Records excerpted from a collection
──────
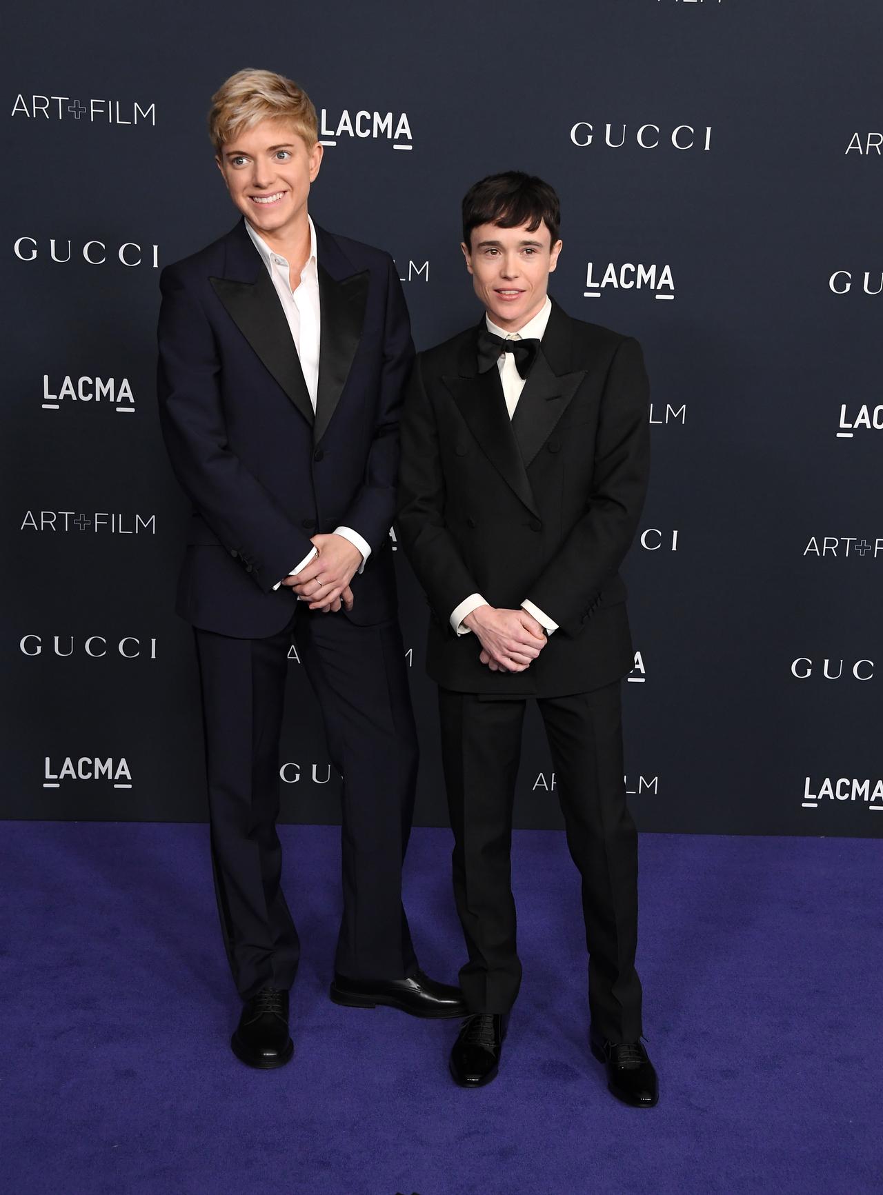 ドラマ『アンブレラ・アカデミー』などで知られる俳優のエリオット・ペイジが、コメディアンや俳優として活動するメイ・マーティンを同伴してロサンゼルスで催されたガライベントLACMA Art +Film Galaに出席。2人揃ってGucciのスーツでキメて、レッドカーペットでのフォトコールに応えた。
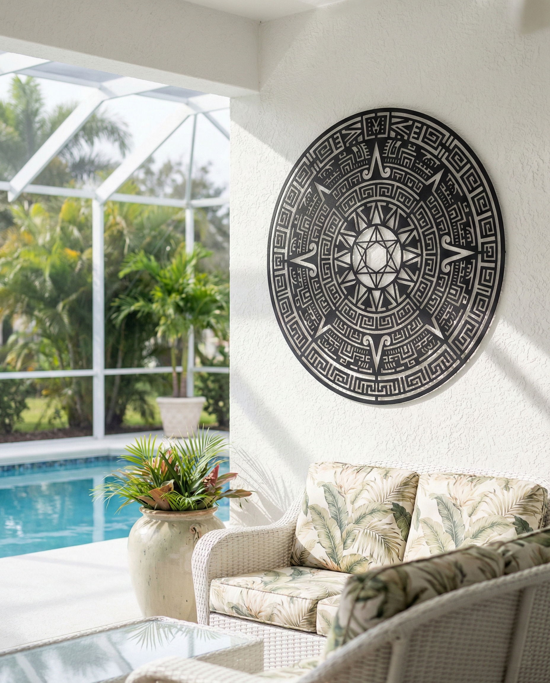 Concentric rings of stepped geometry lock into a ceremonial medallion, while the compass points cut outward like guarded thresholds. At the core, a faceted star sits inside a sealed circle—calm, centered, uncompromising. The pattern is dense by intent: it rewards proximity, then reads as pure authority from across the room. Light threads through the labyrinthine cutwork and throws a shifting halo of shadow—crisp lines in the morning, deeper relief by evening.
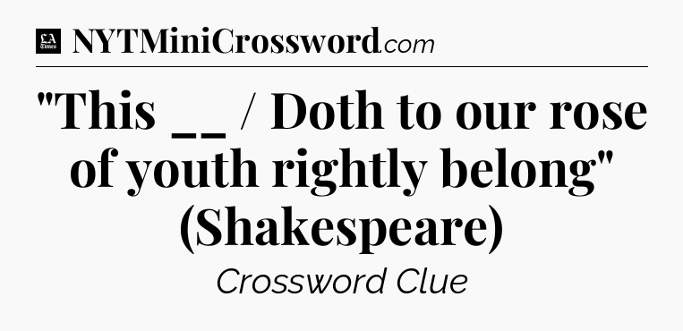 The clue “”This __ / Doth to our rose of youth rightly belong” (Shakespeare)” most recently appeared in a LA Times Crossword on September 12, 2019.
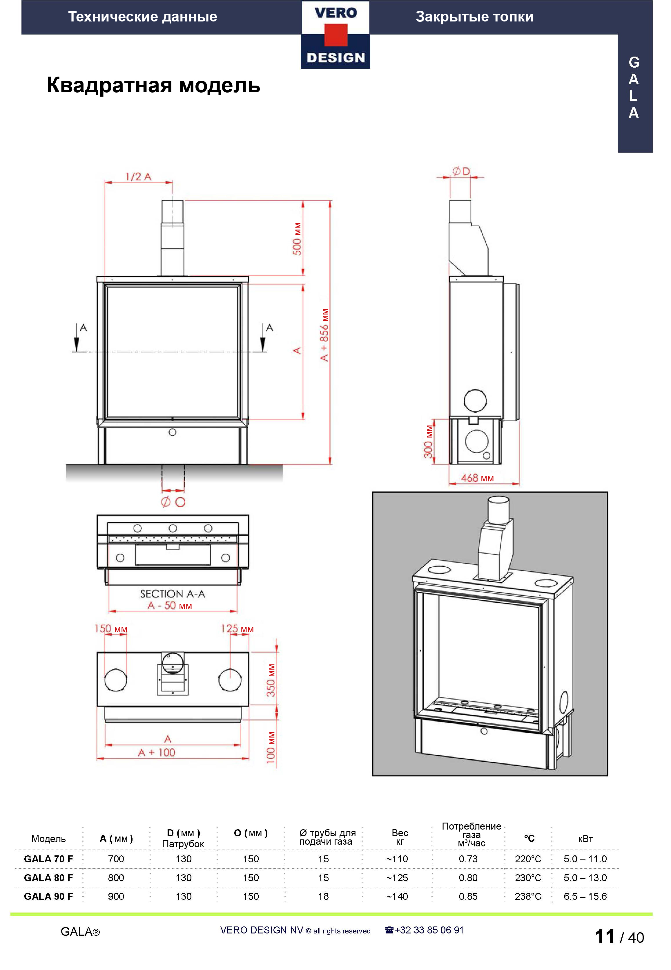 Газовый камин Vero Design Gala GA 90 F
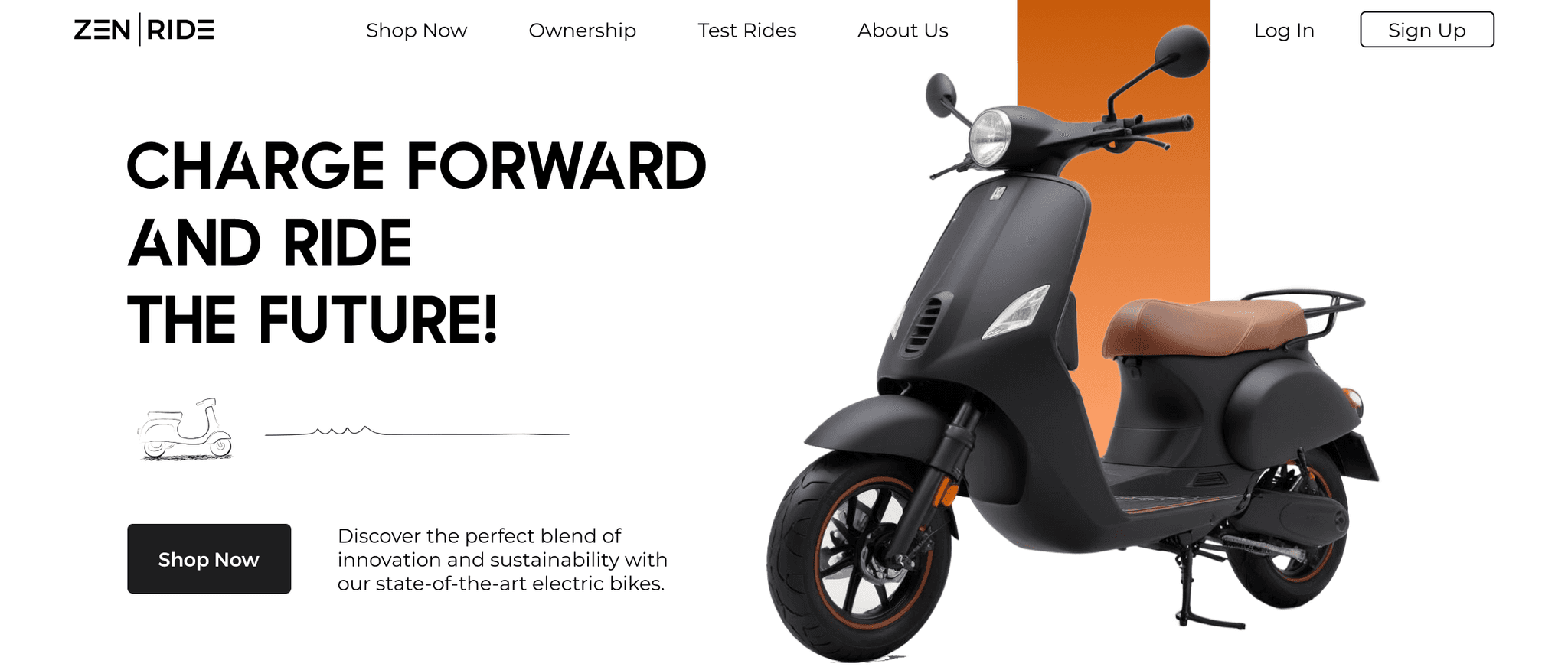 ZenRide is a clean, modern landing page designed to showcase a premium e-bike with smooth visuals, smart layout, and a focus on effortless urban mobility.
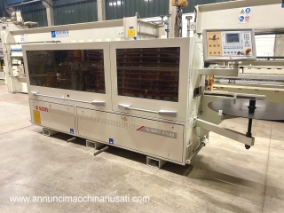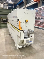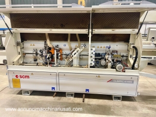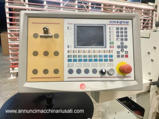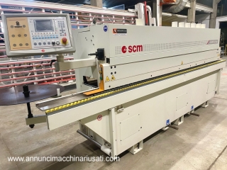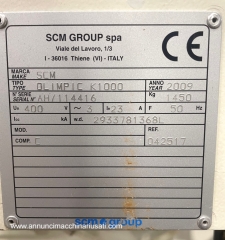 Bordatrice SCM mod. OLIMPIC K1000 usata pannello di controllo con tastiera a membrana Dati tecnici: Altezza min. del pannello 8 mm Altezza max. del pannello 55 mm Spessore min. del bordo in rotolo 0.4 mm Spessore max. del bordo in rotolo 3 mm Spessore max bordo in legno mm. 12 Composizione: Magazzino bordo in strisce Vasca colla capacità kg. 1,5 con motore indipendente Nr. 4 rulli di contropressione con spinta pneumatica e I° rullo con motore indipendente Cesoia taglio bordo in rotolo Gruppo intestatore con 2 motori indipendenti inclinabili 0-15° - cad. KW 0,35 - 12.000 rpm Gruppo refilatore sovrapposto con 2 motori cad. KW 0,65 - 12.000 rpm - utensili con coltelli reversibili Gruppo spigolatore inclinabile per esecuzione di finitura piana-spigolo e raggio; r. 2 motori cad. KW 0,5 - 12.000 rpm con posizionamento elettropneumatico  - utensili con coltelli reversibili esclusione elettropneumatica del gruppo Gruppo raschiacolla Lunghezza macchina mm. 4310 Anno di fabbricazione 2009 CE
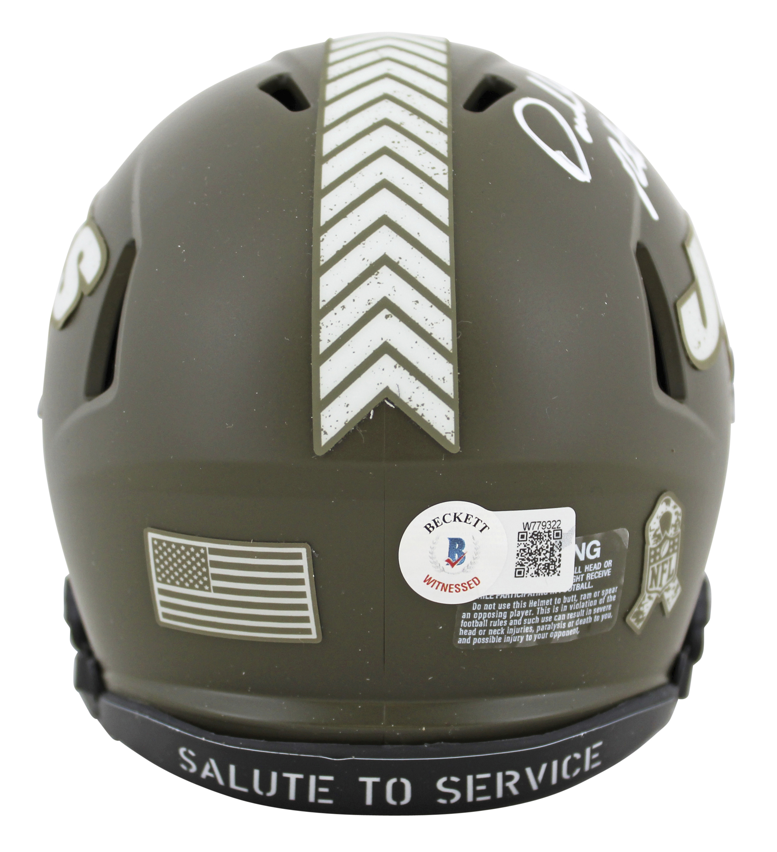 This Autographed Alternate Salute To Service Speed Mini Helmet has been Personally Signed by Darrelle Revis of the New York Jets. This item is 100% Authentic to include a hologram by Beckett Authentication Services. This item will come with an affixed Beckett Authentication Services (BAS) authentication sticker, which includes a scannable QR code to verify authenticity. Please note that Beckett no longer provides serial-numbered COA cards, and the attached BAS sticker will serve as the complete authentication for this item. This is a BAS Witnessed Protection Program item which means a Beckett Authentication Service representative was present when this item was being signed. We conducted an autograph signing with Darrelle Revis where multiples of the same item were signed. While the photographs are representative of this item, the size, placement and strength of the signature may vary. Each item is hand signed, therefore, each autograph is unique. This item can be verified through BAS Witnessed.
──────
**Work required**
The full data, repeated exactly and stripped of its pictures, is the expected answer.

**Result of this task**
 ドラマ『アンブレラ・アカデミー』などで知られる俳優のエリオット・ペイジが、コメディアンや俳優として活動するメイ・マーティンを同伴してロサンゼルスで催されたガライベントLACMA Art +Film Galaに出席。2人揃ってGucciのスーツでキメて、レッドカーペットでのフォトコールに応えた。
 Concentric rings of stepped geometry lock into a ceremonial medallion, while the compass points cut outward like guarded thresholds. At the core, a faceted star sits inside a sealed circle—calm, centered, uncompromising. The pattern is dense by intent: it rewards proximity, then reads as pure authority from across the room. Light threads through the labyrinthine cutwork and throws a shifting halo of shadow—crisp lines in the morning, deeper relief by evening.
 The clue “”This __ / Doth to our rose of youth rightly belong” (Shakespeare)” most recently appeared in a LA Times Crossword on September 12, 2019.
 Газовый камин Vero Design Gala GA 90 F
 ZenRide is a clean, modern landing page designed to showcase a premium e-bike with smooth visuals, smart layout, and a focus on effortless urban mobility.
 Bordatrice SCM mod. OLIMPIC K1000 usata pannello di controllo con tastiera a membrana Dati tecnici: Altezza min. del pannello 8 mm Altezza max. del pannello 55 mm Spessore min. del bordo in rotolo 0.4 mm Spessore max. del bordo in rotolo 3 mm Spessore max bordo in legno mm. 12 Composizione: Magazzino bordo in strisce Vasca colla capacità kg. 1,5 con motore indipendente Nr. 4 rulli di contropressione con spinta pneumatica e I° rullo con motore indipendente Cesoia taglio bordo in rotolo Gruppo intestatore con 2 motori indipendenti inclinabili 0-15° - cad. KW 0,35 - 12.000 rpm Gruppo refilatore sovrapposto con 2 motori cad. KW 0,65 - 12.000 rpm - utensili con coltelli reversibili Gruppo spigolatore inclinabile per esecuzione di finitura piana-spigolo e raggio; r. 2 motori cad. KW 0,5 - 12.000 rpm con posizionamento elettropneumatico  - utensili con coltelli reversibili esclusione elettropneumatica del gruppo Gruppo raschiacolla Lunghezza macchina mm. 4310 Anno di fabbricazione 2009 CE
 This Autographed Alternate Salute To Service Speed Mini Helmet has been Personally Signed by Darrelle Revis of the New York Jets. This item is 100% Authentic to include a hologram by Beckett Authentication Services. This item will come with an affixed Beckett Authentication Services (BAS) authentication sticker, which includes a scannable QR code to verify authenticity. Please note that Beckett no longer provides serial-numbered COA cards, and the attached BAS sticker will serve as the complete authentication for this item. This is a BAS Witnessed Protection Program item which means a Beckett Authentication Service representative was present when this item was being signed. We conducted an autograph signing with Darrelle Revis where multiples of the same item were signed. While the photographs are representative of this item, the size, placement and strength of the signature may vary. Each item is hand signed, therefore, each autograph is unique. This item can be verified through BAS Witnessed.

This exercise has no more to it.